EXERCISE DESCRIPTION -
Nothing but the lines from the one with "为了使地震预警数据更好地应用" through the end of the material should be retyped, word for word and without pictures.

DATA BLOCK -
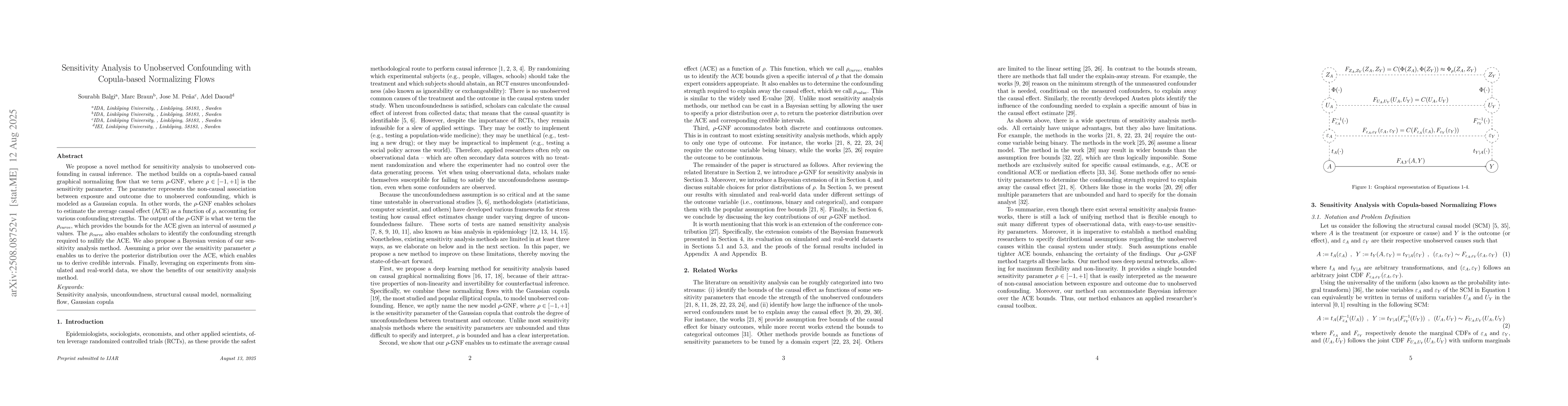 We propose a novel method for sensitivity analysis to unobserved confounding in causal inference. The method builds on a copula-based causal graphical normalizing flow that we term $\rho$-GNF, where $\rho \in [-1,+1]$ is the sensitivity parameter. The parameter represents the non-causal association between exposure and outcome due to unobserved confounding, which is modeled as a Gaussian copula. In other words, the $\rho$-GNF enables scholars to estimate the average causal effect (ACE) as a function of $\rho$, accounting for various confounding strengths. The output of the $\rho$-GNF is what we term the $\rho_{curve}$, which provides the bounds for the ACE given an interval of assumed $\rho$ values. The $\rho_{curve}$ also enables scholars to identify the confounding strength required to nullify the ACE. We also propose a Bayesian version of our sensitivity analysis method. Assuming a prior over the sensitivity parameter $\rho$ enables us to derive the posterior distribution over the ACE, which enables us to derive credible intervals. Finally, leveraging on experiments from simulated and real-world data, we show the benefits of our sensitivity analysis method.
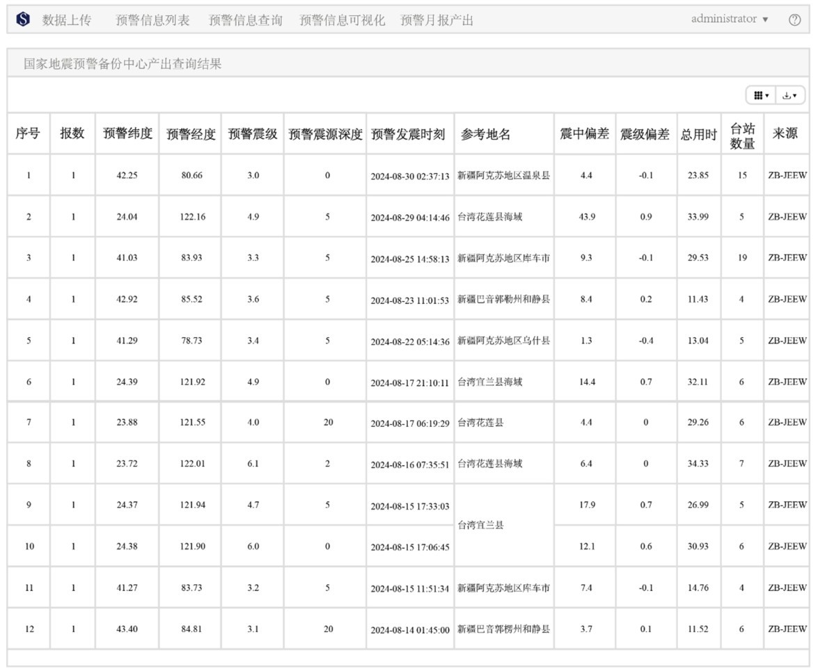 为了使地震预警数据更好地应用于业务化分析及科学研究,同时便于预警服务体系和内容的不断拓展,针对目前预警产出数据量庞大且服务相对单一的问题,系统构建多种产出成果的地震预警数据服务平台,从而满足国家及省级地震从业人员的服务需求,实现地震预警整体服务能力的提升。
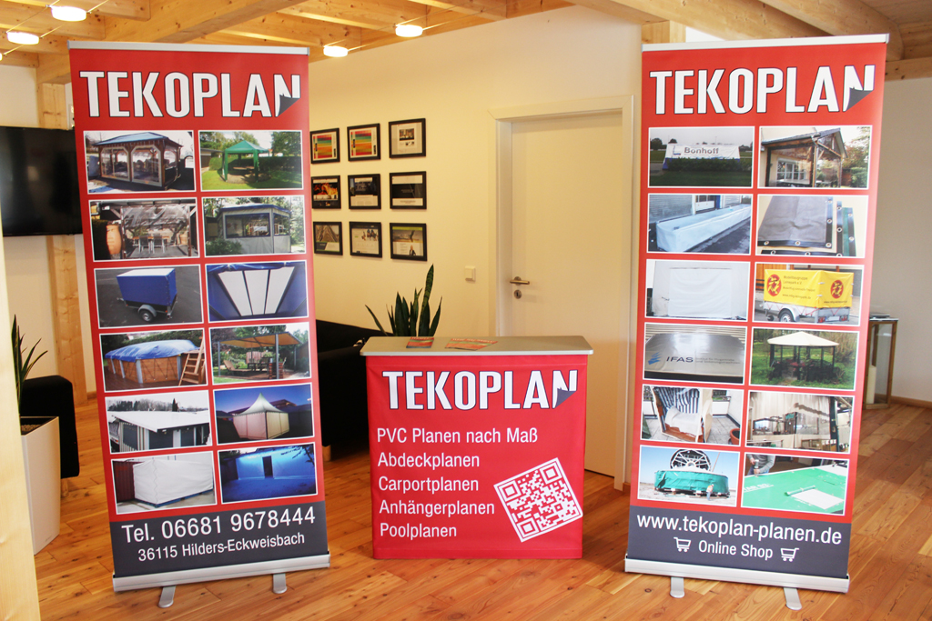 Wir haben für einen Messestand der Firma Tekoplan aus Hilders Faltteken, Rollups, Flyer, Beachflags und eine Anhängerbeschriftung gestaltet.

WRITTEN ANSWER -
 为了使地震预警数据更好地应用于业务化分析及科学研究,同时便于预警服务体系和内容的不断拓展,针对目前预警产出数据量庞大且服务相对单一的问题,系统构建多种产出成果的地震预警数据服务平台,从而满足国家及省级地震从业人员的服务需求,实现地震预警整体服务能力的提升。
 Wir haben für einen Messestand der Firma Tekoplan aus Hilders Faltteken, Rollups, Flyer, Beachflags und eine Anhängerbeschriftung gestaltet.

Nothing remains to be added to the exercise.